→ Task details: The pictures get left out, but everything else in the listing below must be duplicated exactly.

→ Data:

#####

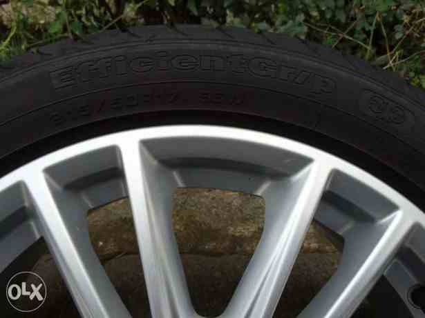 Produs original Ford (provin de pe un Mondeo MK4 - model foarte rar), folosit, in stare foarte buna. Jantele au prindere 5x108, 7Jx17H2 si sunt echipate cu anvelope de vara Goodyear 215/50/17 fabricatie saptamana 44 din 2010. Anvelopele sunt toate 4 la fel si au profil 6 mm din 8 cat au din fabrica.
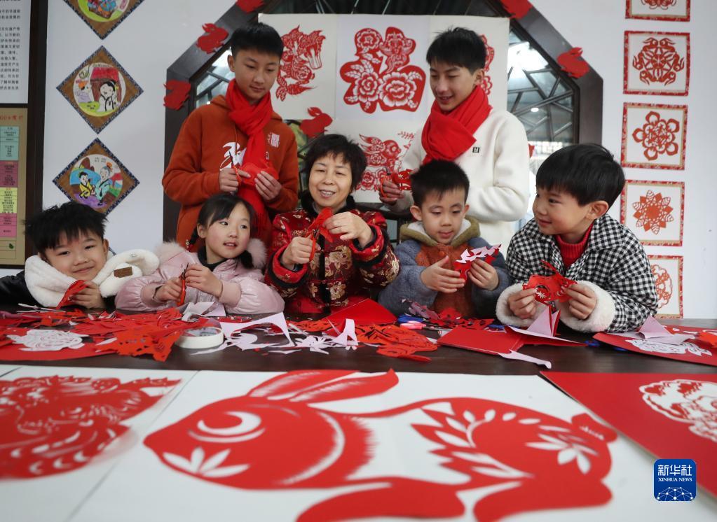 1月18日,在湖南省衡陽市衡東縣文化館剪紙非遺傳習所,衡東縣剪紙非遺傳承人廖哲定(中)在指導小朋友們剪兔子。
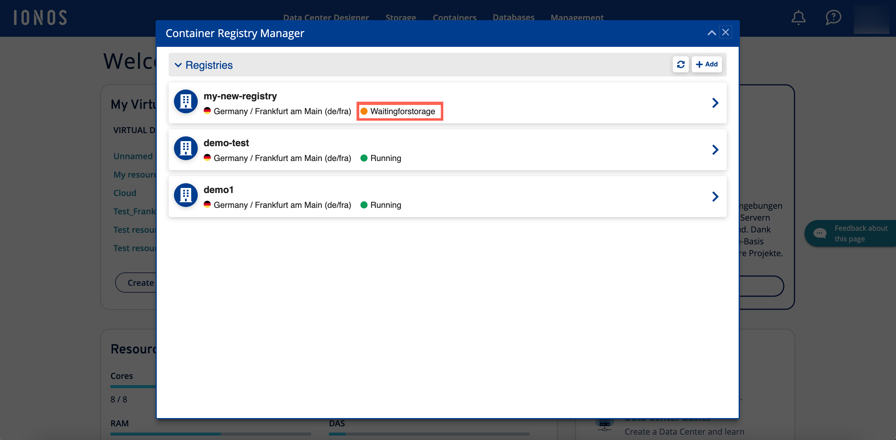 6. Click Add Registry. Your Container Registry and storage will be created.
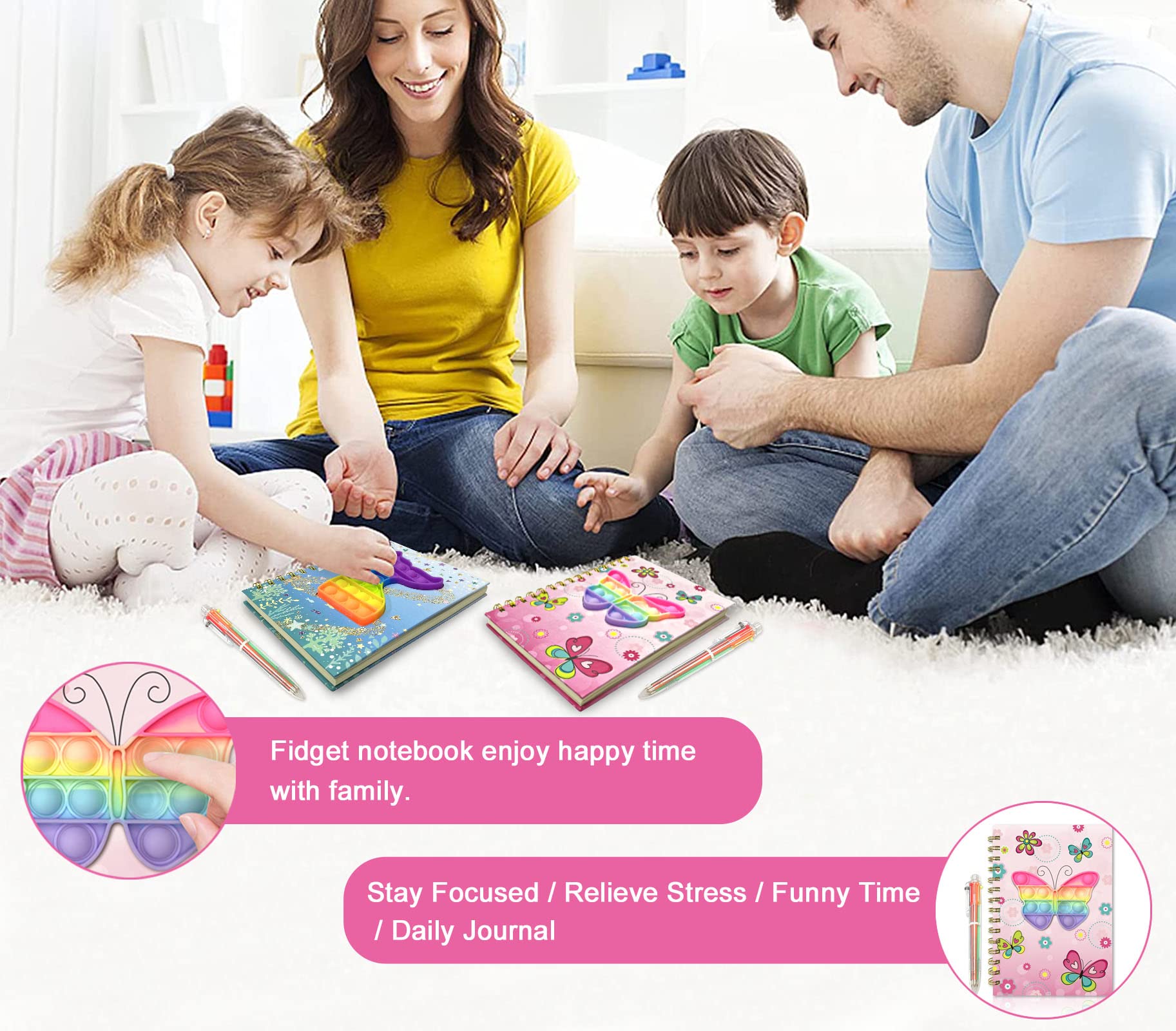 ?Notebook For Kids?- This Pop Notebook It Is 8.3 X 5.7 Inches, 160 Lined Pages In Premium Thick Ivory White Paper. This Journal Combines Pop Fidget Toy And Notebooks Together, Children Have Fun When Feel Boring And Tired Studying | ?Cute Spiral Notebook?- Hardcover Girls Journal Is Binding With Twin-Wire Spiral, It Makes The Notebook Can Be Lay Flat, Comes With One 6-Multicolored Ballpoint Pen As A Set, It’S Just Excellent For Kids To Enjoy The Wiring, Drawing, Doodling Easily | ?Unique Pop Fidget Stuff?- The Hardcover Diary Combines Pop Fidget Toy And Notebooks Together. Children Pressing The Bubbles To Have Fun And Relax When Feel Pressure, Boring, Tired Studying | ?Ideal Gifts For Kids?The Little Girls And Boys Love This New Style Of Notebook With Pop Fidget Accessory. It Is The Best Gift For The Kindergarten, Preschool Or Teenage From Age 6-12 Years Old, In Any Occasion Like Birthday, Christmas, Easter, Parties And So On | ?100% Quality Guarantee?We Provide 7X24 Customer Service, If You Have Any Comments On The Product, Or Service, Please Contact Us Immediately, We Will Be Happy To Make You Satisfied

#####

→ Answer to this exercise:
 Produs original Ford (provin de pe un Mondeo MK4 - model foarte rar), folosit, in stare foarte buna. Jantele au prindere 5x108, 7Jx17H2 si sunt echipate cu anvelope de vara Goodyear 215/50/17 fabricatie saptamana 44 din 2010. Anvelopele sunt toate 4 la fel si au profil 6 mm din 8 cat au din fabrica.
 1月18日,在湖南省衡陽市衡東縣文化館剪紙非遺傳習所,衡東縣剪紙非遺傳承人廖哲定(中)在指導小朋友們剪兔子。
 6. Click Add Registry. Your Container Registry and storage will be created.
 ?Notebook For Kids?- This Pop Notebook It Is 8.3 X 5.7 Inches, 160 Lined Pages In Premium Thick Ivory White Paper. This Journal Combines Pop Fidget Toy And Notebooks Together, Children Have Fun When Feel Boring And Tired Studying | ?Cute Spiral Notebook?- Hardcover Girls Journal Is Binding With Twin-Wire Spiral, It Makes The Notebook Can Be Lay Flat, Comes With One 6-Multicolored Ballpoint Pen As A Set, It’S Just Excellent For Kids To Enjoy The Wiring, Drawing, Doodling Easily | ?Unique Pop Fidget Stuff?- The Hardcover Diary Combines Pop Fidget Toy And Notebooks Together. Children Pressing The Bubbles To Have Fun And Relax When Feel Pressure, Boring, Tired Studying | ?Ideal Gifts For Kids?The Little Girls And Boys Love This New Style Of Notebook With Pop Fidget Accessory. It Is The Best Gift For The Kindergarten, Preschool Or Teenage From Age 6-12 Years Old, In Any Occasion Like Birthday, Christmas, Easter, Parties And So On | ?100% Quality Guarantee?We Provide 7X24 Customer Service, If You Have Any Comments On The Product, Or Service, Please Contact Us Immediately, We Will Be Happy To Make You Satisfied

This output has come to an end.